424B5 1 d471613d424b5.htm 424B5 424B5

Filed Pursuant to Rule 424(b)(5)
Registration No. 333-268745

 

PROSPECTUS SUPPLEMENT

(To Prospectus Dated December 21, 2022)

$8,970,000

 

LOGO

Common Stock

 

 

This prospectus supplement amends and supplements the information in the prospectus, dated December 21, 2022, filed with the Securities and Exchange Commission as a part of our registration statement on Form S-3 (File No. 333-268745), or the Prior Prospectus, relating to the offer and sale of up to $22,875,000 of shares of our common stock, $0.0001 par value per share, pursuant to the Sales Agreement dated as of December 9, 2022, or the Sales Agreement, we previously entered into with Guggenheim Securities, LLC, or Guggenheim Securities, acting as our agent. This prospectus supplement should be read in conjunction with the Prior Prospectus, and is qualified by reference thereto, except to the extent that the information herein amends or supersedes the information contained in the Prior Prospectus. This prospectus supplement is not complete without, and may only be delivered or utilized in connection with, the Prior Prospectus and any future amendments or supplements thereto.

Our common stock is traded on the Nasdaq Capital Market under the symbol “SRZN.” On March 28, 2023, the last reported sale price of our common stock was $0.5769 per share.

The aggregate market value of our outstanding common stock held by non-affiliates, or public float, was approximately $26.91 million, based on 20,339,832 shares of outstanding common stock held by non-affiliates, at a price of $1.3231 per share, which was the last reported sale price of our common stock on the Nasdaq Capital Market on February 13, 2023. Pursuant to General Instruction I.B.6 of Form S-3, in no event will we sell securities registered on the registration statement of which this prospectus is a part in a public primary offering with a value exceeding more than one-third of our public float in any 12-month period so long as our public float remains below $75.0 million.
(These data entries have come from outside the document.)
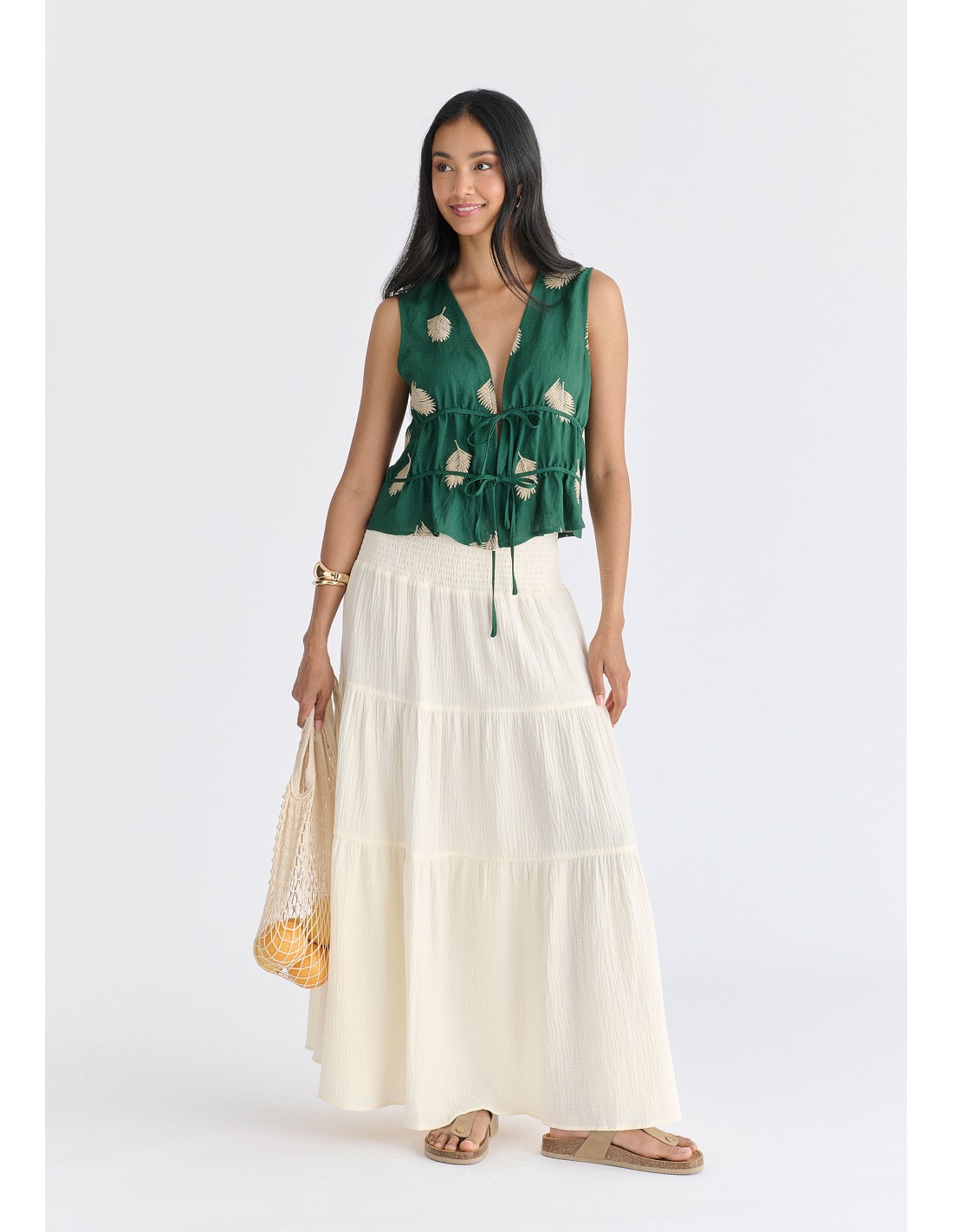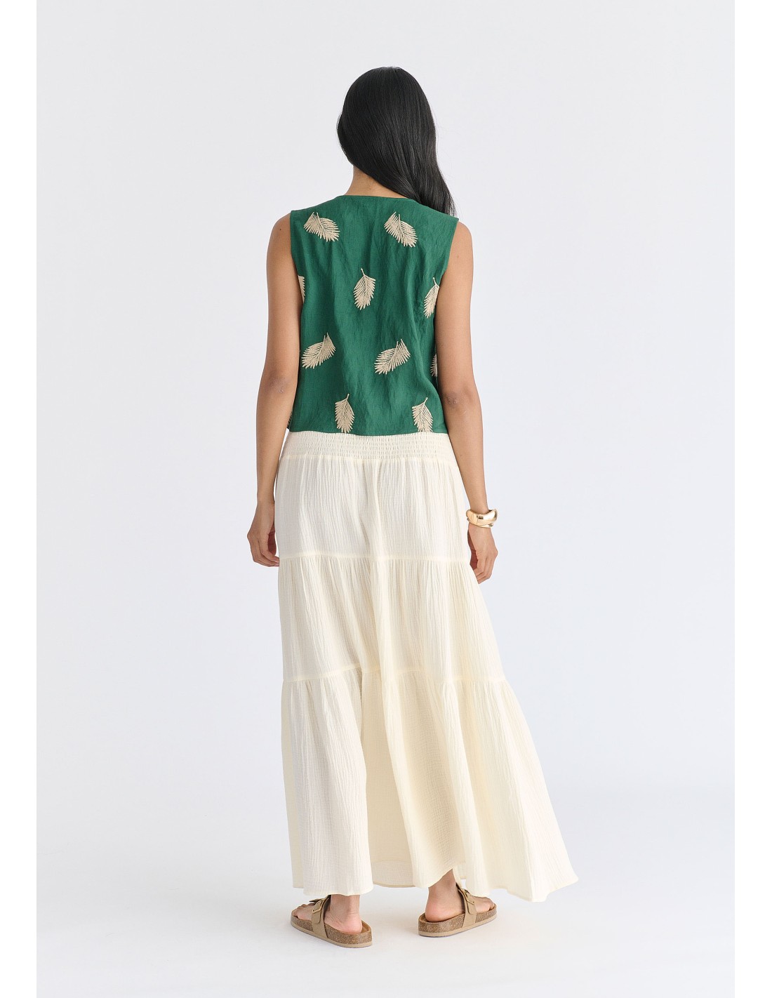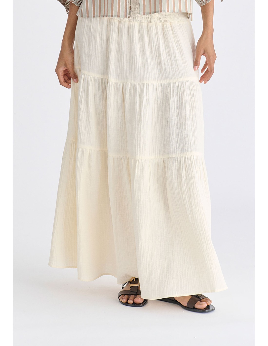 Falda larga escalonada de gasa con cinturilla ancha elástica
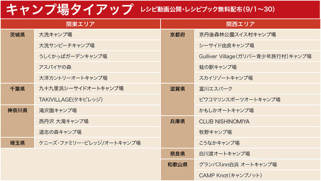 K-FOODを使ってどうやってキャンプ飯を作るの?という方にレシピを知ってもらうために、関東・関西全25ケ所で「レシピブック」を配布(2022年9月中配布予定)。さらに「キャプテンスタッグ」とのコラボステッカーも配布します。タイアップしているキャンプ場は以下よりチェックしてくださいね。
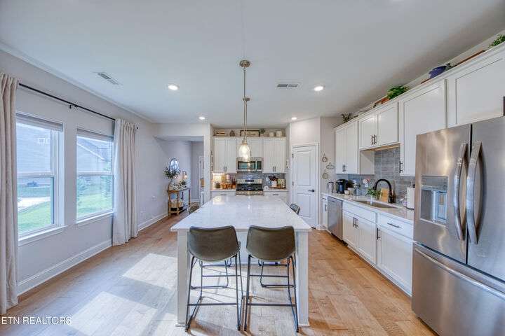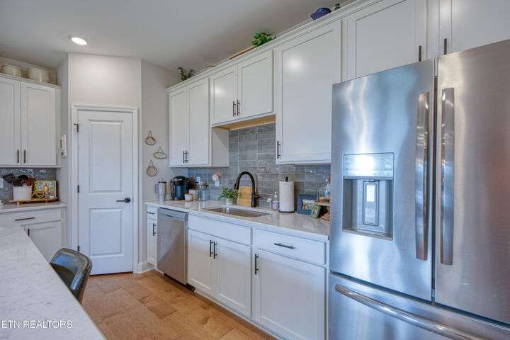 4BR/2.5 BA with open floorplan and brick/vinyl exterior. 4th BR or Office on main level. Large open kitchen with 42 in. white cabinets, quartz counters, gas range, microwave and dishwasher, island. Gas log fireplace, gorgeous owner's suite with luxury bathroom upgrade, tiled shower, frameless glass door, quartz counters, 2 oversized walk-in closets. Hardwood in main living area Only 1 year old and located near Shopping, Schools, Restaurants, Hospital and Interstate within minutes. Don't miss out on this hidden gem tucked in a cul-de-sac with a new privacy fence. Move in ready. Schedule your showing today !! Washer Dryer and Refrigerator do not convey

As of the date hereof, we have not offered any securities pursuant to General Instruction I.B.6 of Form S-3 during the 12 calendar months prior to and including the date of this prospectus.

Sales of our common stock, if any, under this prospectus may be made in sales deemed to be in negotiated transactions or transactions that are deemed “at-the-market offerings” as defined in Rule 415 promulgated under the Securities Act of 1933, as amended, or the Securities Act. Guggenheim Securities is not required to sell any specific amount of our common stock, but will act as our sales agent using commercially reasonable efforts consistent with its normal trading and sales practices, on mutually agreed terms between Guggenheim Securities and us. There is no arrangement for funds to be received in any escrow, trust or similar arrangement.

The compensation to Guggenheim Securities for sales of common stock sold pursuant to the Sales Agreement will be an amount equal to up to 3.0% of the gross proceeds of any shares of common stock sold thereunder. See “Plan of Distribution” beginning on page 26 of the Prior Prospectus for additional information regarding the compensation to be paid to Guggenheim Securities. In connection with the sale of the common stock on our behalf, Guggenheim Securities will be deemed to be an “underwriter” within the meaning of the Securities Act, and the compensation of Guggenheim Securities will be deemed to be underwriting commissions or discounts. We have also agreed to provide indemnification and contribution to Guggenheim Securities with respect to certain liabilities, including liabilities under the Securities Act or the Securities Exchange Act of 1934, as amended, or the Exchange Act.

 

 

INVESTING IN OUR SECURITIES INVOLVES RISKS. SEE THE “RISK FACTORS” BEGINNING ON PAGE 8 OF THE PRIOR PROSPECTUS AND IN OUR MOST RECENT ANNUAL REPORT ON FORM 10-K AND IN OUR MOST RECENT QUARTERLY REPORTS ON FORM 10-Q, AND ANY AMENDMENTS THERETO, WHICH ARE INCORPORATED BY REFERENCE INTO THE PRIOR PROSPECTUS, AND UNDER SIMILAR HEADINGS IN THE OTHER DOCUMENTS THAT ARE FILED AFTER THE DATE HEREOF AND INCORPORATED BY REFERENCE INTO THIS PROSPECTUS SUPPLEMENT AND THE PRIOR PROSPECTUS FOR A DISCUSSION OF THE FACTORS YOU SHOULD CAREFULLY CONSIDER BEFORE DECIDING TO PURCHASE OUR COMMON STOCK..

Neither the Securities and Exchange Commission nor any state securities commission has approved or disapproved of these securities or determined if this prospectus is truthful or complete. Any representation to the contrary is a criminal offense.

 

 

Guggenheim Securities

The date of this prospectus is March 31, 2023.